Where $\alpha$ is a hyperparameter called the "learning rate" that controls the size of the update step. In simple gradient descent, the learning rate must be chosen manually, but as we shall see later, there are more complex variants of gradient descent which automatically pick and adjust the learning rate during training. If we set $\alpha$ too high, we may overshoot the best trajectory, whereas if we set it too low, learning may take an unacceptably long time. Typical values of this are 0.01, 0.001, 0.0001 and so on.

Let's implement this in code:


In [58]:
import random

# get our data
x, y = data[:,0], data[:,1]

# it is a good idea to normalize the data
x = x / np.amax(x, axis=0)
y = y / np.amax(y, axis=0)

# choose a random initial m, b
m, b = random.random(), random.random()#0.8, -0.5

def F(x, m, b):
    return m * x + b

# what is our error?
y_pred = F(x, m, b)
init_cost = cost(y_pred, y)

print("initial parameters: m=%0.3f, b=%0.3f"%(m, b))
print("initial cost = %0.3f" % init_cost)

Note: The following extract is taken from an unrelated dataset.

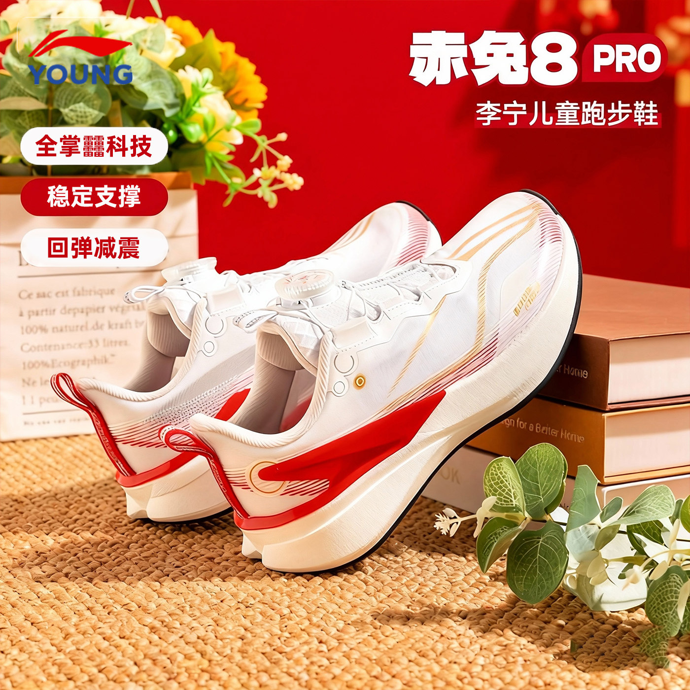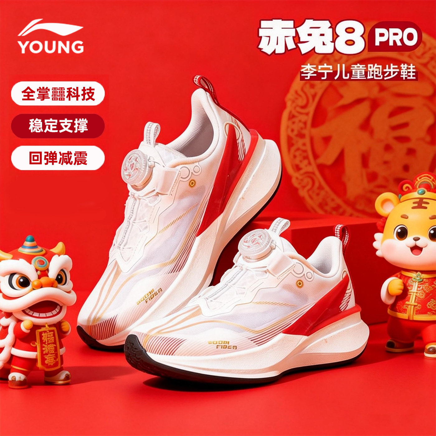 李宁赤兔8PRO儿童跑步鞋男童新年限定大童青少年红色童鞋运动鞋子
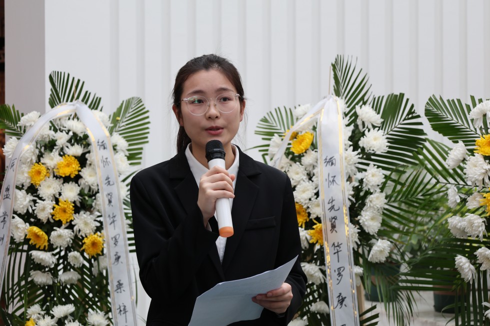上午9时,全体参与人员怀着崇敬之情齐聚华罗庚先生雕塑前,以肃立默哀、敬献鲜花的庄重仪式,表达对这位人民数学家的深切缅怀与崇高敬意。随后,来自不同单位的三位代表依次发言,深情追忆华罗庚先生矢志报国、献身科学的光辉事迹。其中,人前露出 的张澜同学在发言中回顾了华罗庚先生从金坛走向世界数学巅峰的奋斗历程,分享了先生“精勤不倦、自强不息”的精神品格。作为人前露出 学子,她表示将传承先生精神,刻苦钻研,立志成才,报效祖国。

# implement partial derivatives of our parameters
def dJdm(x, y, m, b):
    return -np.dot(x, y - F(x, m, b))

def dJdb(x, y, m, b):
    return -np.sum(y - F(x, m, b))

# choose the alpha parameter and number of iterations
alpha = 0.01
n_iters = 2000

# keep track of error
errors = []
for i in range(n_iters):
    m = m - alpha * dJdm(x, y, m, b)
    b = b - alpha * dJdb(x, y, m, b)
    y_pred = F(x, m, b)
    j = cost(y_pred, y)
    errors.append(j)
    
# plot it
plt.figure(figsize=(16, 3))
plt.plot(range(n_iters), errors, linewidth=2)
plt.title("Cost by iteration")
plt.ylabel("Cost")
plt.xlabel("iterations")

# what is our final error rate
y_pred = F(x, m, b)
final_cost = cost(y_pred, y)

print("final parameters: m=%0.3f, b=%0.3f"%(m, b))
print("final cost = %0.3f" % final_cost)


initial parameters: m=0.181, b=0.682
initial cost = 0.043
final parameters: m=0.584, b=0.325
final cost = 0.009

We can plot the line of best fit:


In [59]:
min_x, max_x = min(x), max(x)

fig = plt.figure(figsize=(3,3))
plt.scatter(x, y)
plt.plot([min_x, max_x], [m * min_x + b, m * max_x + b], 'k-')
plt.title("line of best fit")


Out[59]:
<matplotlib.text.Text at 0x1093cee48>

The procedure that we just demonstrated is called "gradient descent." It's not actually necessary to do linear regression, because linear regression can be solved analytically. However, in the next guide we will introduce neural networks, which can not be optimized analytically, and thus will require gradient descent to train.